The landmark ruling, one of three concerned with the same issue yesterday, was welcomed by the European Commission, which has been pressing EU countries to free investment across EU frontiers.

Analysts believe the court's findings will spur foreign takeovers in a market where cross-border investment is already worth 670bn euros (£431bn) or 8 per cent of EU gross domestic product. The judgment also clears the way for Brussels to bring forward plans for new rules on takeovers.

In its decision yesterday, the Luxembourg-based court described golden shares, which give minority owners more control in certain circumstances, as a barrier to the free movement of capital that could be justified only in cases of national strategic interest, and if the measures were proportionate.

In addition to the judgment against France, the court outlawed a Portuguese decree from the early 1990s that allows the government to take a controlling stakes in privatised companies. But it said Belgium is entitled to retain golden shares in its recently privatised gas company Distrigaz.

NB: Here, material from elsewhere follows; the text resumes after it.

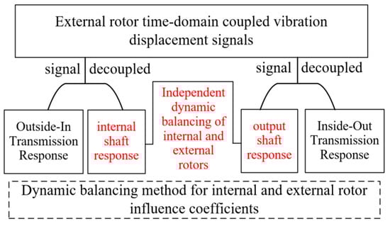 - Based on the independently designed and constructed simulated dual-rotor test bench, dynamic balancing tests with coaxial counter-rotating dual-plane dual influence coefficients were carried out. Beneficial vibration reduction effects were achieved for both the inner and outer rotors under three typical working conditions, further proving the accuracy of the identification algorithm, which meets the requirements for dynamic balancing accuracy of the equipment and stable operation.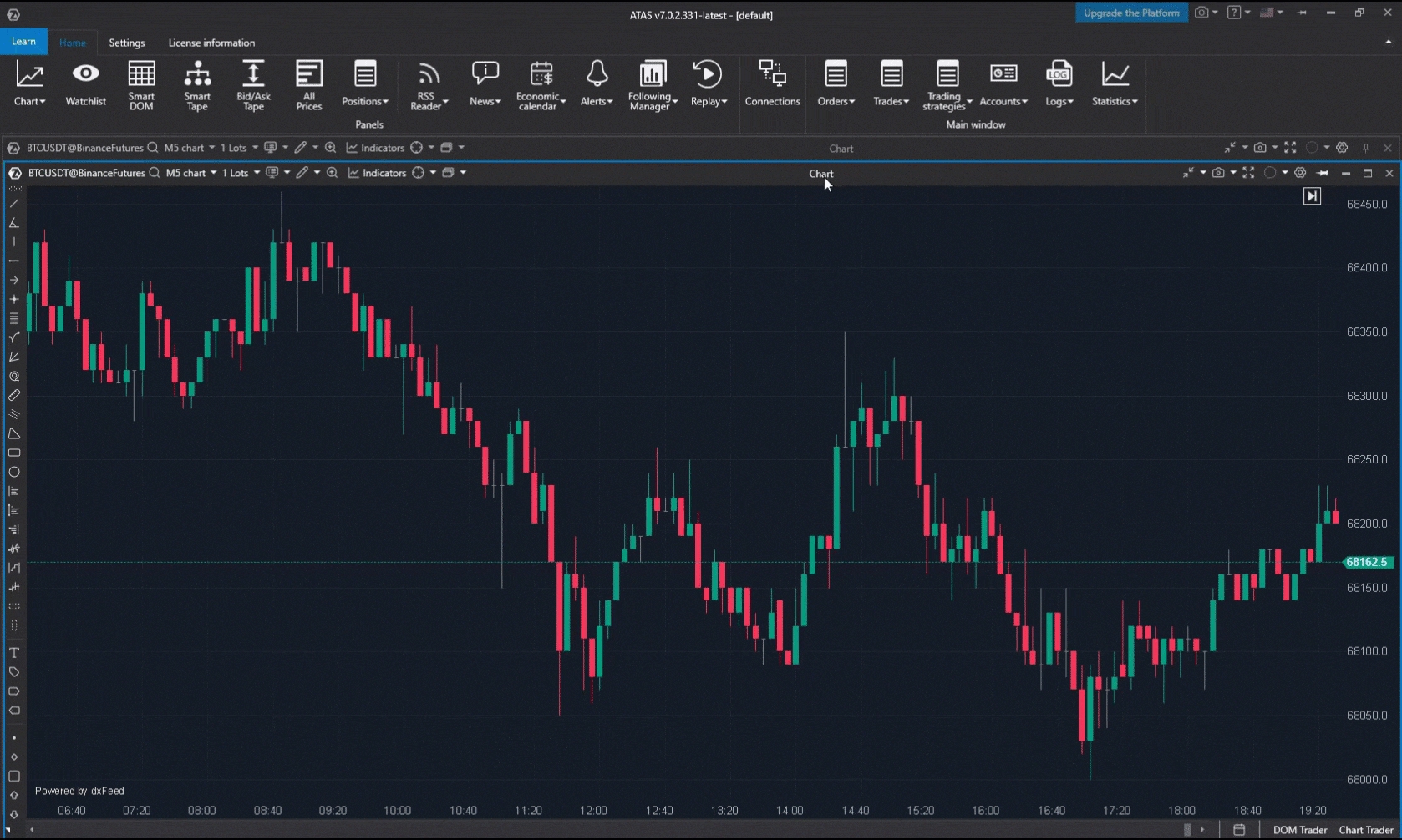 Poiché ATAS è prima di tutto una piattaforma per l’analisi del flusso degli ordini, aggiungeremo al nostro spazio di lavoro i cluster e vedremo come combinare più grafici.

In the Belgian case, the measures taken by the government were judged to be in the national interest and proportionate. In France, while the court found there was a strategic national interest at stake, it ruled that the government decree gave disproportionate powers. Elf is now merged with TotalFina, with French government approval, and the French Finance Minister, Francis Mer, said yesterday that the new company, TotalFinaElf, now had "the means to take care of its own future. As a result, the issue is no longer dangerous for us".

The Commission, which had challenged the practice of golden shares, said it felt vindicated by the rulings which, it argued, backed its policy advocated since 1997. It will look at cases individually before deciding whether to take more legal action. Two similar cases are pending before the court, one against Britain's restrictions on the control of BAA, the UK airports operator, and the other against Spanish privatisation legislation.

However, the ruling might not apply to a German law that preserves the state of Lower Saxony's influence over the ownership of Volkswagen by barring anyone from controlling more than 20 per cent. A Commission spokesman saidthiswas not a golden share.